The primary treatment for PTE involves the use of anti-epileptic drugs (AEDs) such as phenytoin, carbamazepine, valproate and levetiracetam. Despite these treatments, a significant proportion of patients continue to experience chronic seizures.1
What future treatments are being explored for PTE?
Future research is focused on targeting the underlying mechanisms of epileptogenesis, such as neuroinflammation, oxidative stress and tau pathology. Novel therapeutic approaches include the use of anti-inflammatory agents, antioxidants and epigenetic modulators.2
References
- Ding K, Gupta PK, Diaz-Arrastia R. Epilepsy after Traumatic Brain Injury. In: Laskowitz D, Grant G, editors. Translational Research in Traumatic Brain Injury [Internet]. Boca Raton (FL): CRC Press/Taylor and Francis Group; 2016 [cited 2024 Aug 10]. Available from: http://www.ncbi.nlm.nih.gov/books/NBK326716/.

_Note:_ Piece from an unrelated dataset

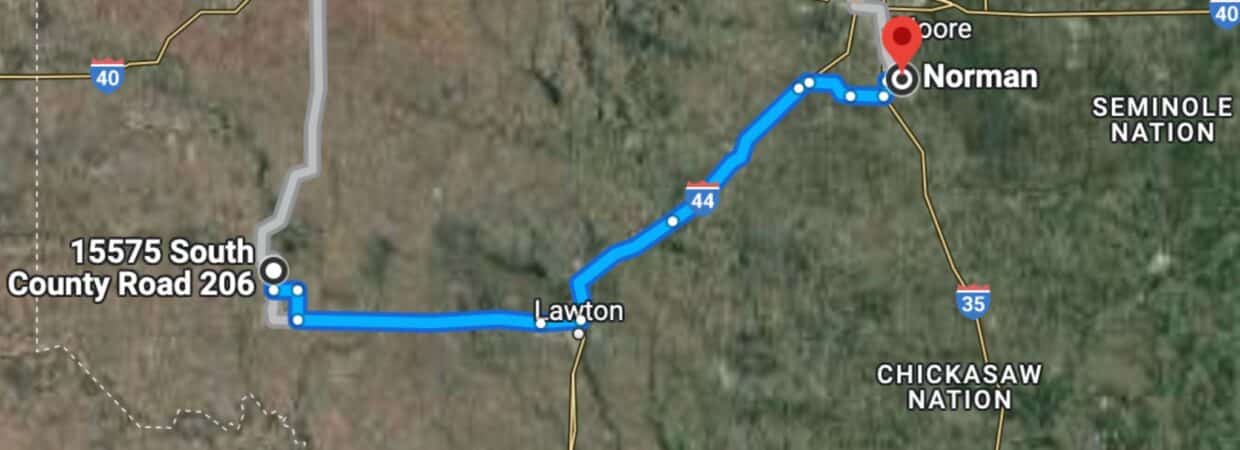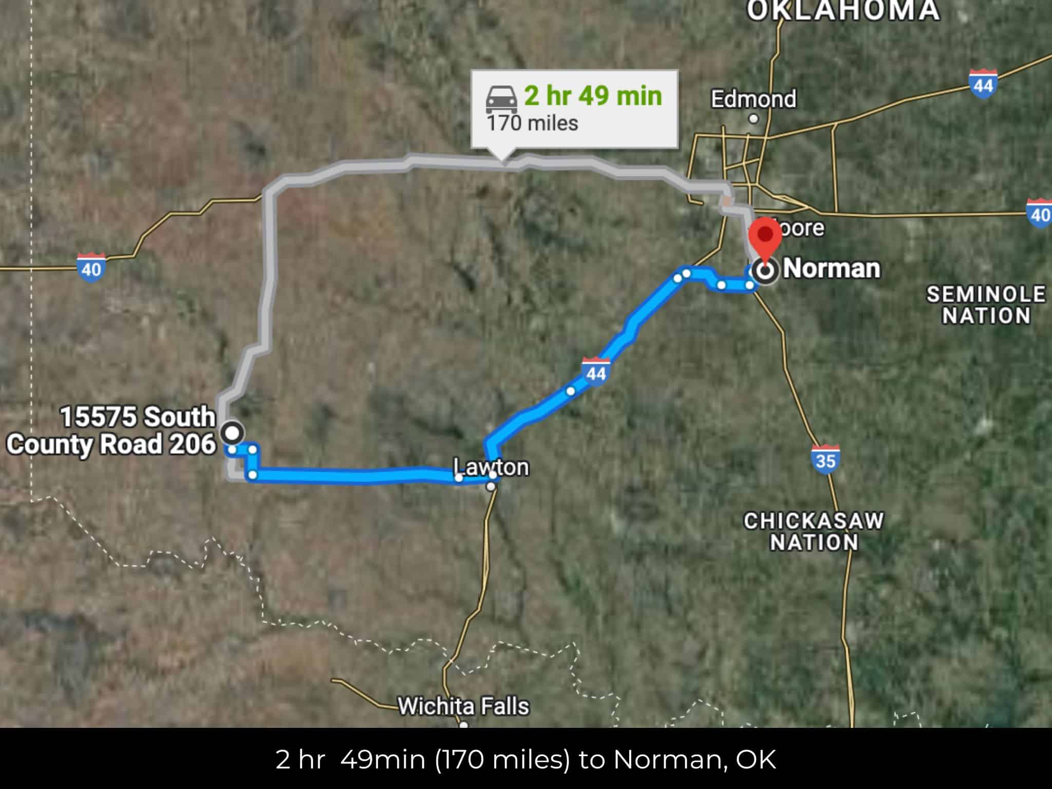 2 hr 15 min (139 miles) to Norman, Oklahoma (about)

- Fordington S, Manford M. A review of seizures and epilepsy following traumatic brain injury. J Neurol [Internet]. 2020 [cited 2024 Aug 10]; 267(10):3105–11. Available from: https://www.ncbi.nlm.nih.gov/pmc/articles/PMC7501105/.
- Diaz-Arrastia R, Gong Y, Fair S, Scott KD, Garcia MC, Carlile MC, et al. Increased Risk of Late Posttraumatic Seizures Associated With Inheritance of APOE ϵ4 Allele. Archives of Neurology [Internet]. 2003 [cited 2024 Aug 10]; 60(6):818–22. Available from: https://doi.org/10.1001/archneur.60.6.818.

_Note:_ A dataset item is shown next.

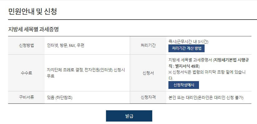 과세 자치단체 주소, 과세 년도, 사용 목적 등을 정확히 입력합니다.

- Lucke-Wold BP, Nguyen L, Turner RC, Logsdon AF, Chen Y-W, Smith KE, et al. Traumatic brain injury and epilepsy: Underlying mechanisms leading to seizure. Seizure [Internet]. 2015 [cited 2024 Aug 10]; 33:13–23. Available from: https://linkinghub.elsevier.com/retrieve/pii/S1059131115002332.
- Annegers JF, Hauser WA, Coan SP, Rocca WA. A population-based study of seizures after traumatic brain injuries. N Engl J Med. 1998; 338(1):20–4.